**PROVIDED MATERIAL:**
____
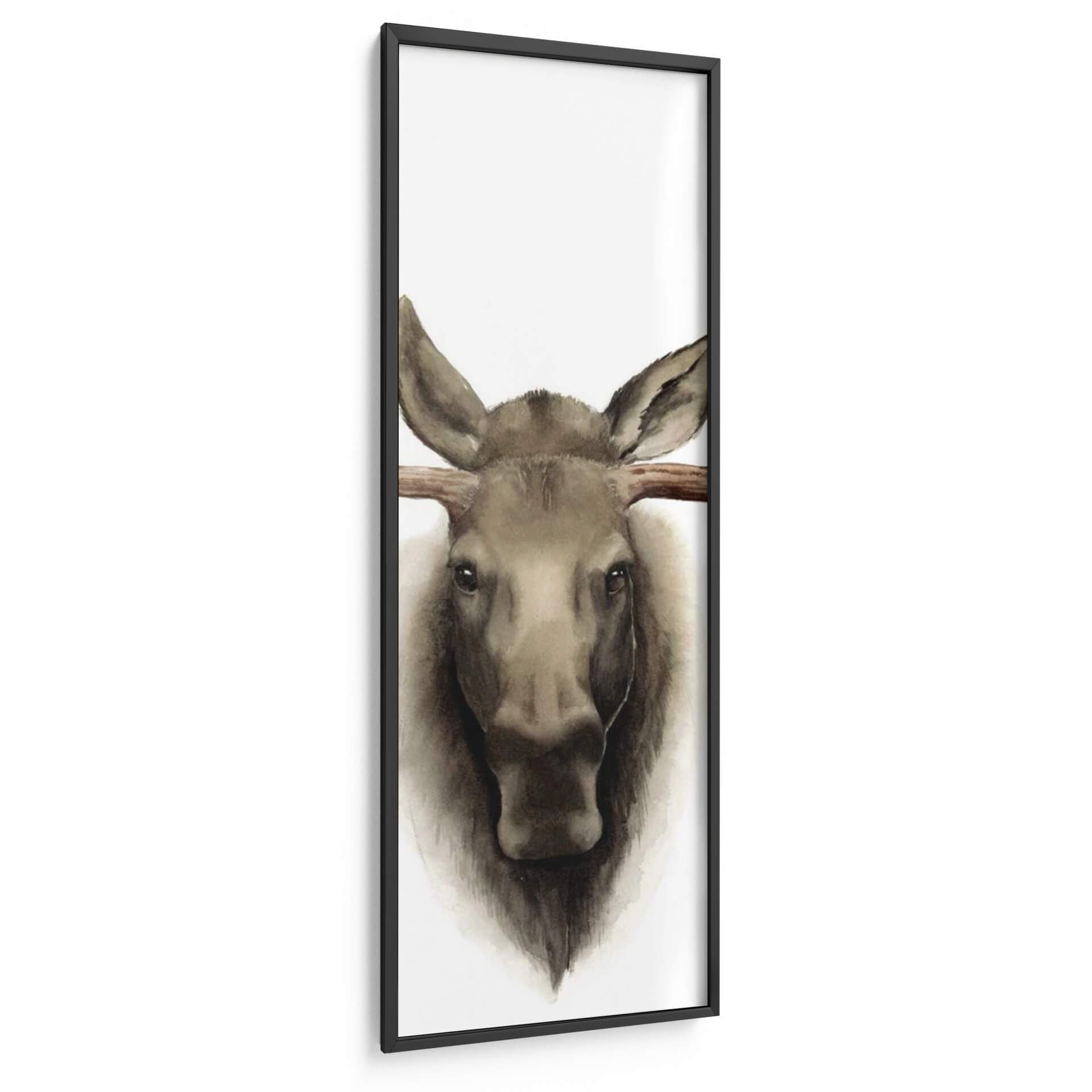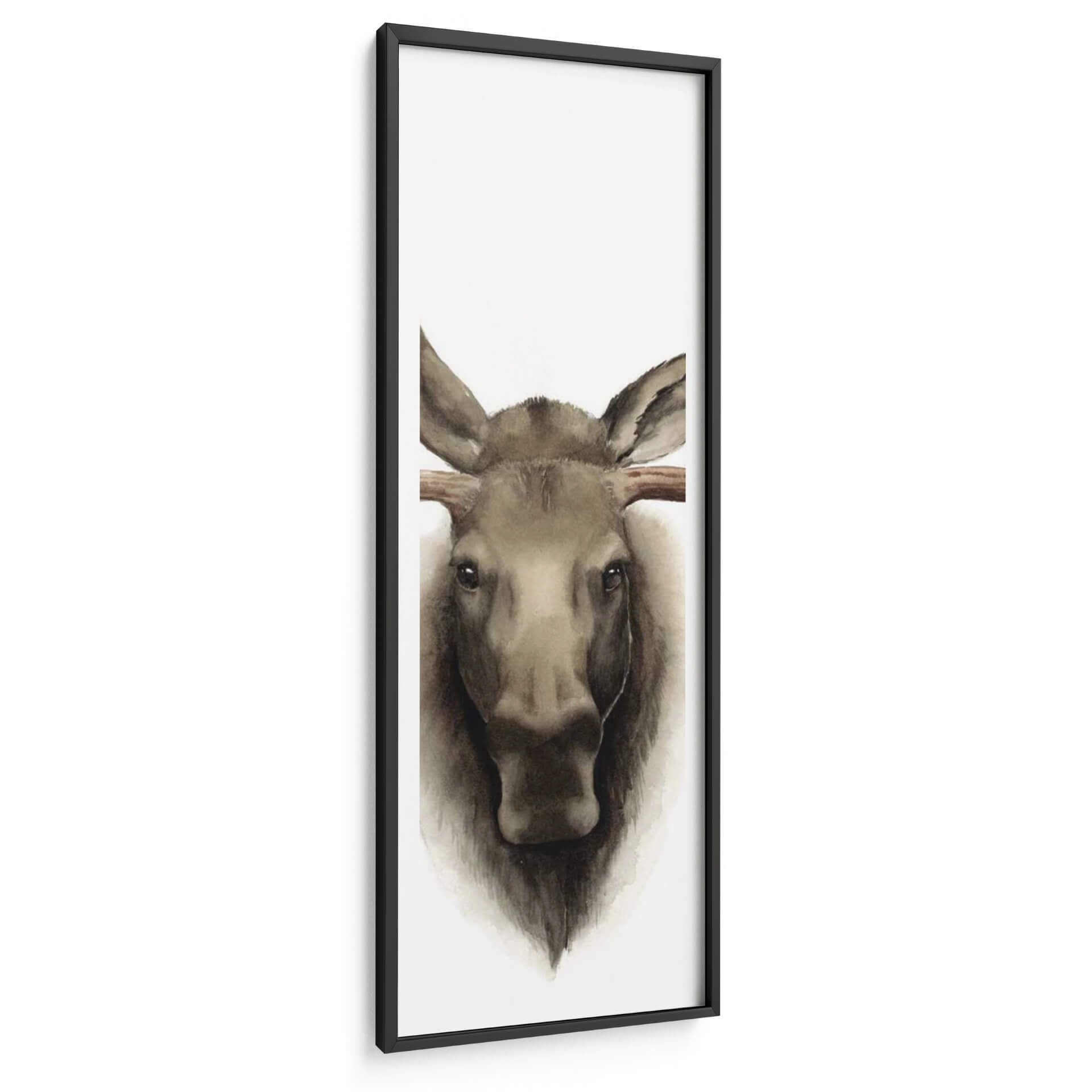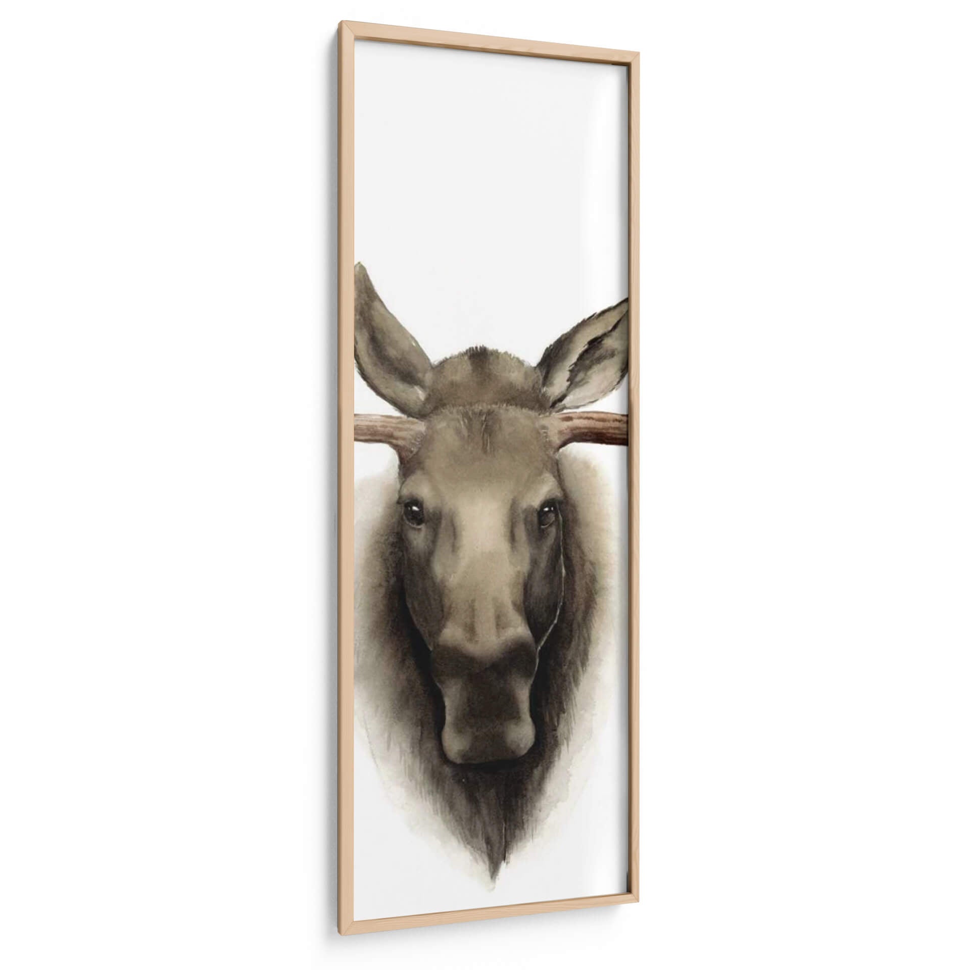 Atrae la majestuosidad de la naturaleza a tu hogar con este cautivador cuadro decorativo de un alce, "Tríptico Alce II" de Grace Popp. Esta obra de arte, ejecutada con una delicada técnica de acuarela, presenta un primer plano del rostro de un imponente alce, capturando su mirada penetrante y la textura de su pelaje con pinceladas suaves y fluidas. La paleta de colores se centra en tonos tierra, marrones y grises, creando una atmósfera serena y natural que evoca la tranquilidad de los bosques. La composición vertical y minimalista, con un fondo blanco o de muy baja saturación, permite que el sujeto principal sea el protagonista indiscutible, aportando un toque de elegancia rústica a cualquier espacio. Ideal para salones, estudios o dormitorios, este tríptico decorativo es perfecto para quienes buscan infundir sus ambientes con la fuerza serena de la vida silvestre y un estilo contemporáneo. Añade una pieza de arte única que conecte con la esencia salvaje y aporta sofisticación a tu decoración.
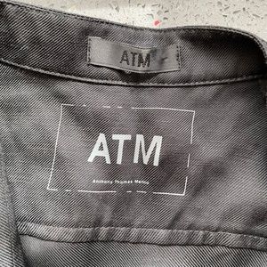 ATM ANTHONY THOMAS MELILLO SLEEVELESS TUXEDO DRESS IN BLACK. Tuxedo-inspired pleated bib fronts hi-lo dress, Mandarin collar, Sleeveless, Partial button front, Pleated bib, Notched hi-lo hem, Pullover style, Size Small.
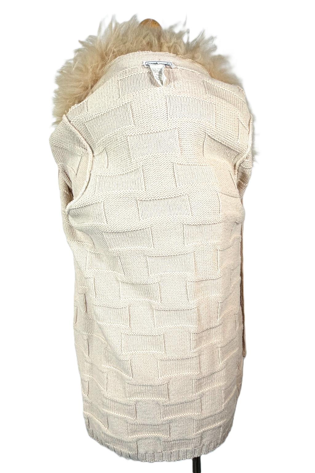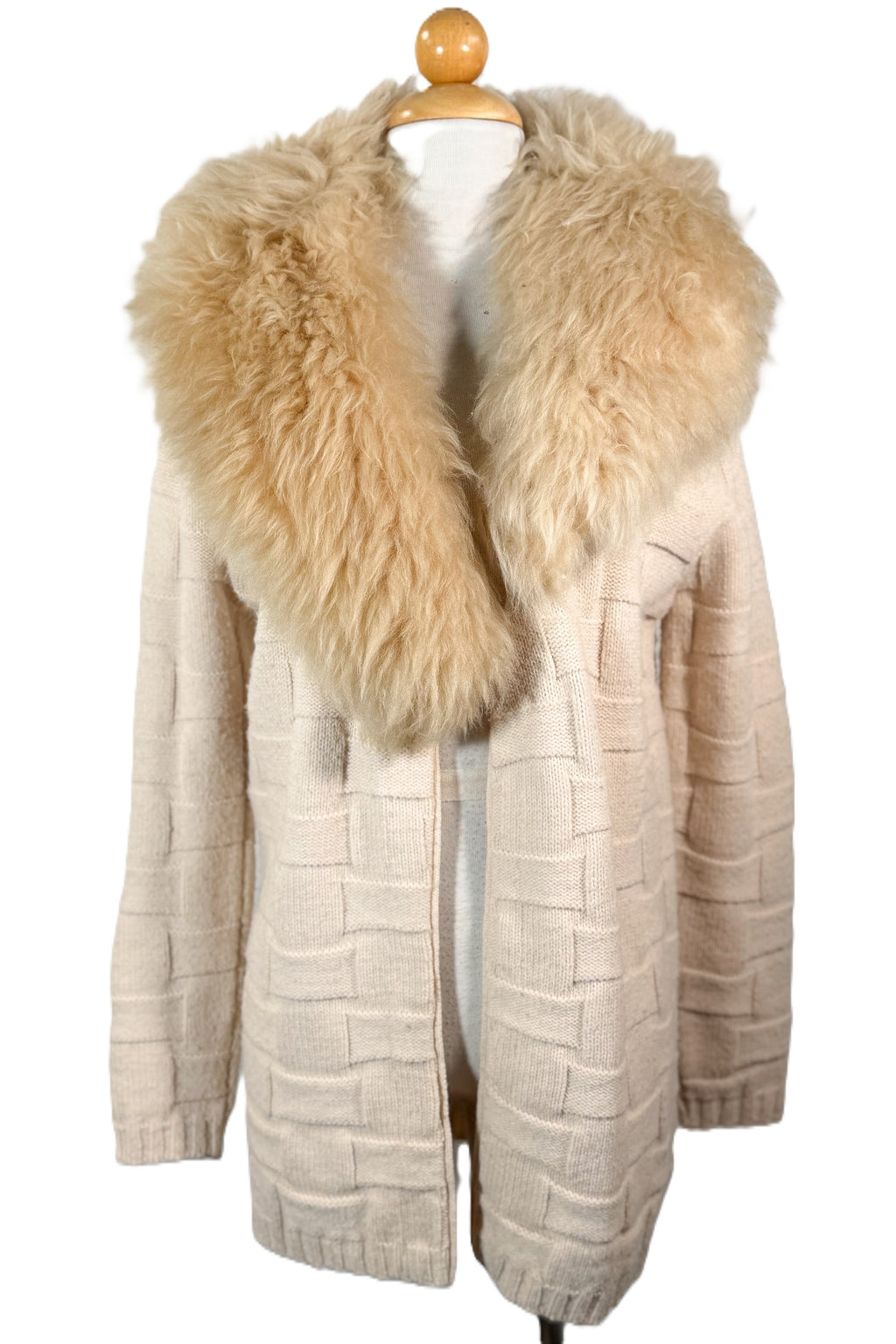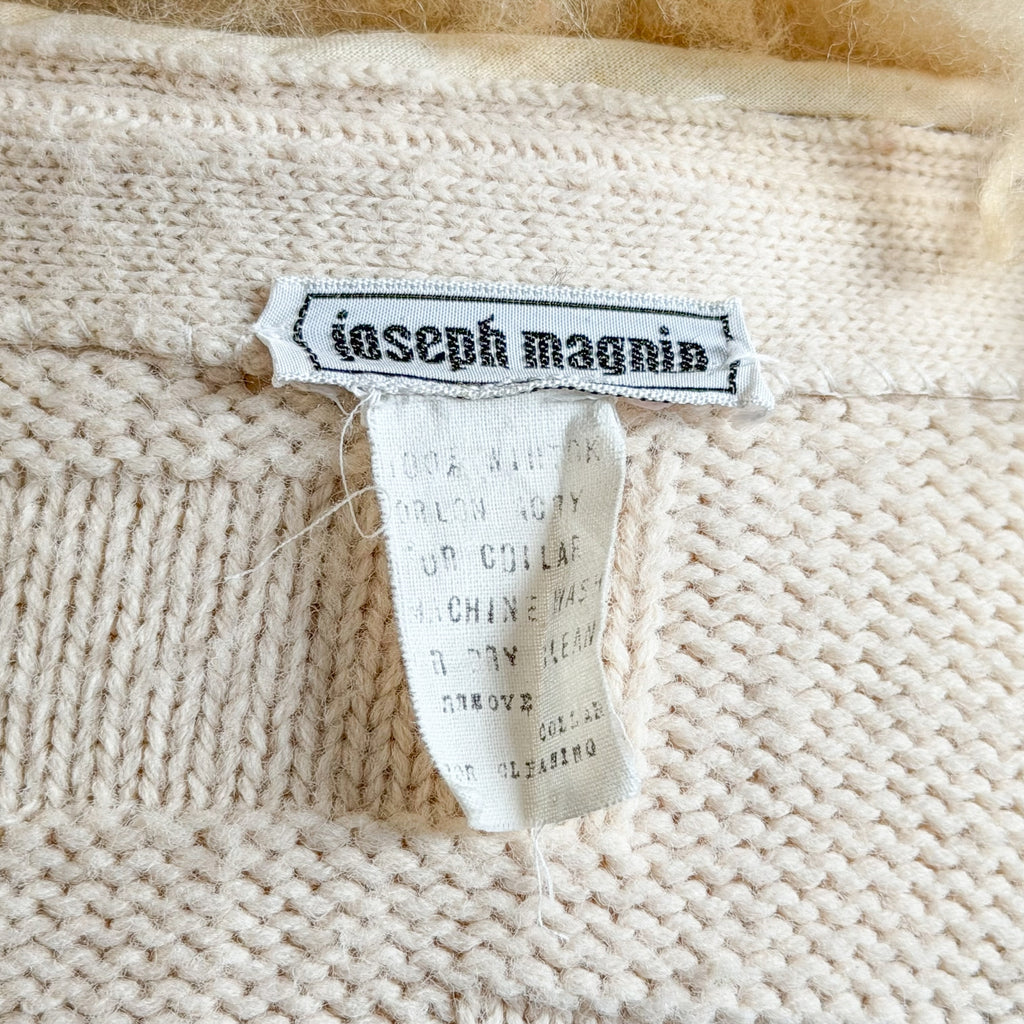 Removable genuine fur collar. Hand stitched onto the sweater. Remove to clean or wash.
____
**GOAL OF THE EXERCISE:**
Repeat the data exactly, without the pictures.

**SOLUTION FOR THIS EXERCISE:**
 Atrae la majestuosidad de la naturaleza a tu hogar con este cautivador cuadro decorativo de un alce, "Tríptico Alce II" de Grace Popp. Esta obra de arte, ejecutada con una delicada técnica de acuarela, presenta un primer plano del rostro de un imponente alce, capturando su mirada penetrante y la textura de su pelaje con pinceladas suaves y fluidas. La paleta de colores se centra en tonos tierra, marrones y grises, creando una atmósfera serena y natural que evoca la tranquilidad de los bosques. La composición vertical y minimalista, con un fondo blanco o de muy baja saturación, permite que el sujeto principal sea el protagonista indiscutible, aportando un toque de elegancia rústica a cualquier espacio. Ideal para salones, estudios o dormitorios, este tríptico decorativo es perfecto para quienes buscan infundir sus ambientes con la fuerza serena de la vida silvestre y un estilo contemporáneo. Añade una pieza de arte única que conecte con la esencia salvaje y aporta sofisticación a tu decoración.
 ATM ANTHONY THOMAS MELILLO SLEEVELESS TUXEDO DRESS IN BLACK. Tuxedo-inspired pleated bib fronts hi-lo dress, Mandarin collar, Sleeveless, Partial button front, Pleated bib, Notched hi-lo hem, Pullover style, Size Small.
 Removable genuine fur collar. Hand stitched onto the sweater. Remove to clean or wash.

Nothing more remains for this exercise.